For seedlings in the 2–4-years (odds ratio = 2.748, P = 0.022, Fig. 5A), 4–6-years (odds ratio = 2.267, P = 0.005, Fig. 4B), and 6–8-years (odds ratio = 2.587, P = 0.004, Fig. 5C) age classes, seedling density of conspecifics was the only significant factor positively correlated with seedling survival rate. For seedlings in the 8–10 years age class, soil PC1 (odds ratio = 2.156, P = 0.048) and seedling density of conspecifics (odds ratio = 2.721, P = 0.021) showed significant positive effects on seedling survival rate (Fig. 5D). However, conspecific adult basal area exerted a significant negative effect on seedling survival rate (odds ratio = − 2.484, P = 0.032, Fig. 5D). For seedlings in the 10–12 years age class, soil PC1 had a significant positive effect on survival (odds ratio = 2.883, P = 0.052), whereas conspecific adult basal area showed a significant negative effect (odds ratio = − 2.235, P = 0.007) (Fig. 5E). For seedlings in the > 12-years age class, survival was more likely in areas with higher seedling density of conspecifics, higher levels of SOM, TN, TP, AN, and AP, and lower levels of canopy density, herbaceous coverage, and conspecific adult basal area (Fig. 5F).
Discussion
Analysis of factors affecting seedling survival at the community level
Our study revealed that biotic and habitat factors influenced seedling survival rate at the community level, with biotic factors having a more significant impact.

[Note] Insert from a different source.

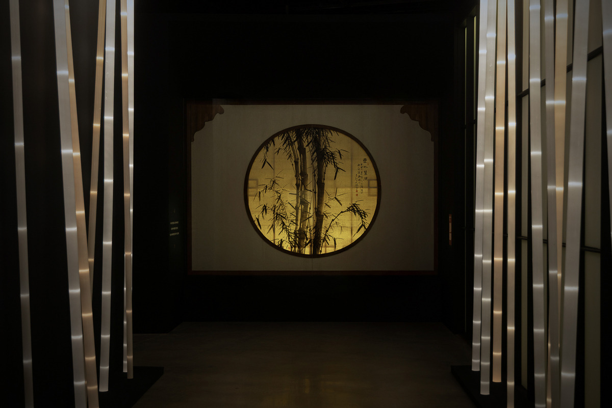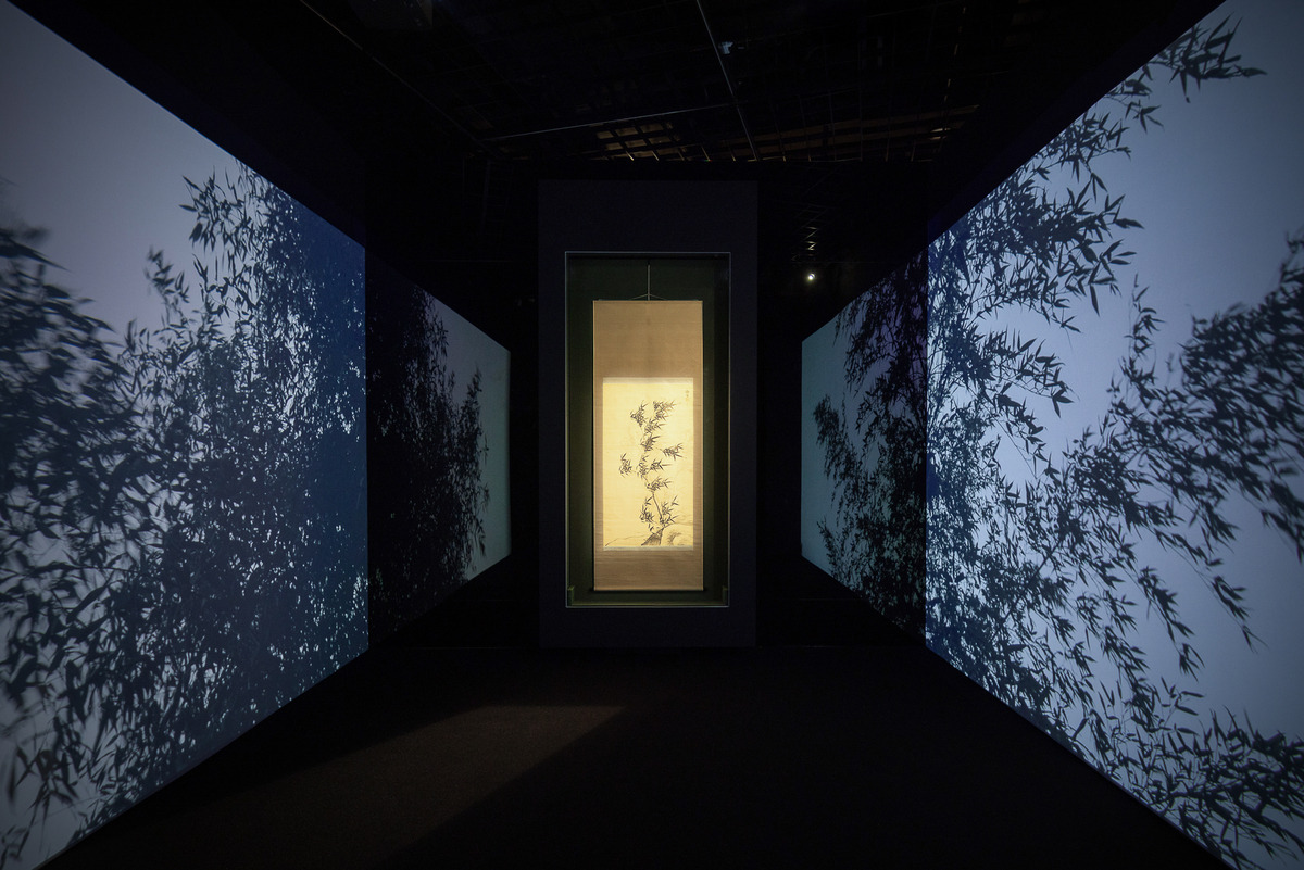 대구 수성구 대구간송미술관에서 지난 23일 개막한 광복 80주년 기념 전시 ‘삼청도도 - 매·죽·난, 멈추지 않는 이야기’에서는 풍죽을 입체적으로 느낄 수 있다. 별도 전시 공간간에 들어가면 정면에 ‘풍죽’이 보이고 양쪽 벽면에는 바람에 흔들리는 대나무 숲 영상이 소리와 함께 펼쳐진다. 영상이 거울에 반사되면서 이정의 풍죽은 숲 한가운데 서 있는 것처럼 보이게 된다. 지면과 평행하게 뻗은 먹빛 대나무 잎이 바람을 타고 뻗은 것만 같다. 묵죽화(墨竹畵)의 대가였던 이정의 뛰어난 표현력 덕도 크다.
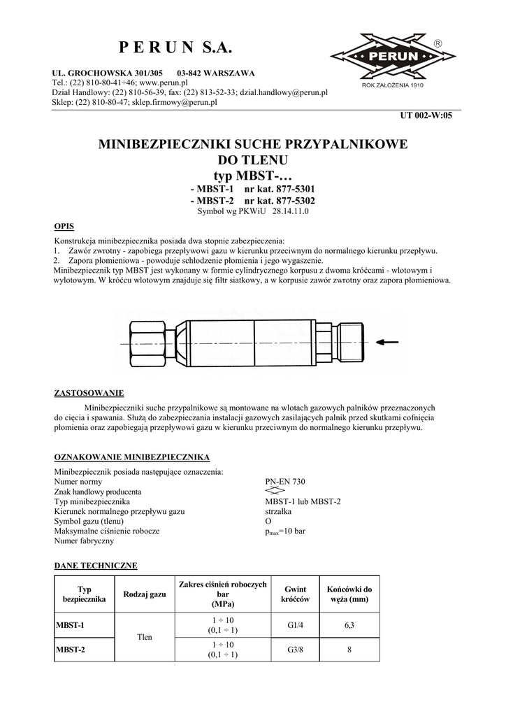 P E R U N S.A. UL. GROCHOWSKA 301/305 03-842 WARSZAWA Tel.: (22) 810-80-41÷46; www.perun.pl Dział Handlowy: (22) 810-56-39, fax: (22) 813-52-33; [email protected] Sklep: (22) 810-80-47; [email protected] UT 002-W:05 MINIBEZPIECZNIKI SUCHE PRZYPALNIKOWE DO TLENU typ MBST-… - MBST-1 - MBST-2 nr kat. 877-5301 nr kat. 877-5302 Symbol wg PKWiU 28.14.11.0 OPIS Konstrukcja minibezpiecznika posiada dwa stopnie zabezpieczenia: 1. Zawór zwrotny - zapobiega przepływowi gazu w kierunku przeciwnym do normalnego kierunku przepływu. 2. Zapora płomieniowa - powoduje schłodzenie płomienia i jego wygaszenie. Minibezpiecznik typ MBST jest wykonany w formie cylindrycznego korpusu z dwoma króćcami - wlotowym i wylotowym. W króćcu wlotowym znajduje się filtr siatkowy, a w korpusie zawór zwrotny oraz zapora płomieniowa. ZASTOSOWANIE Minibezpieczniki suche przypalnikowe są montowane na wlotach gazowych palników przeznaczonych do cięcia i spawania. Służą do zabezpieczania instalacji gazowych zasilających palnik przed skutkami cofnięcia płomienia oraz zapobiegają przepływowi gazu w kierunku przeciwnym do normalnego kierunku przepływu. OZNAKOWANIE MINIBEZPIECZNIKA Minibezpiecznik posiada następujące oznaczenia: Numer normy Znak handlowy producenta Typ minibezpiecznika Kierunek normalnego przepływu gazu Symbol gazu (tlenu) Maksymalne ciśnienie robocze Numer fabryczny PN-EN 730 MBST-1 lub MBST-2 strzałka O pmax=10 bar DANE TECHNICZNE Typ bezpiecznika Rodzaj gazu MBST-1 Tlen MBST-2 Zakres ciśnień roboczych bar (MPa) Gwint króćców Końcówki do węża (mm) 1 ÷ 10 (0,1 ÷ 1) G1/4 6,3 1 ÷ 10 (0,1 ÷ 1) G3/8 8 2 UT 002-W:05 CHARAKTERYSTYKA PRZEPŁYWU DLA TLENU SKŁAD KOMPLETU W skład kompletu wchodzi: - Minibezpiecznik - Ulotka techniczna - Przepisy obsługi - Opakowanie 1 szt. 1 szt. 1 szt. 1 szt. INFORMACJE DODATKOWE 1. 2. 3. 4. Do każdego minibezpiecznika załączane są „Przepisy obsługi minibezpieczników suchych przypalnikowych do tlenu" nr PD 003-W:05. Wyrób jest objęty gwarancją w okresie 12 miesięcy od daty sprzedaży, jednak nie dłużej niż 18 miesięcy od daty produkcji. Gwarancja nie obejmuje: filtru wlotowego, zapory płomieniowej, która w wyniku niewłaściwej eksploatacji utraciła wymaganą przepustowość Użytkownik minibezpiecznika traci prawo do napraw gwarancyjnych w przypadku niewłaściwej eksploatacji oraz dokonywania jakichkolwiek zmian konstrukcyjnych lub napraw we własnym zakresie.

The increase in seedling density was strongly associated with a higher survival rate of target seedlings, a result that contrasts with some previous studies32,36,37. These results suggest that negative density dependence may be weak or undetectable at the seedling stage in this artificial forest context on Guandi Mountain, and the discrepancy among studies may be attributed to differences in study sites and community types. Additionally, we found that seedling density of conspecific coniferous species positively impacts seedling survival rate, which may be due to the concentrated distribution of seedlings in the study area, forming a robust functional seedling community. Such communities tend to have enhanced resilience to external threats and greater self-regulation abilities compared with individual seedlings. They also benefit from increased competition with other species for environmental resources, gradually leading to an increase in the number of surviving seedlings38,39.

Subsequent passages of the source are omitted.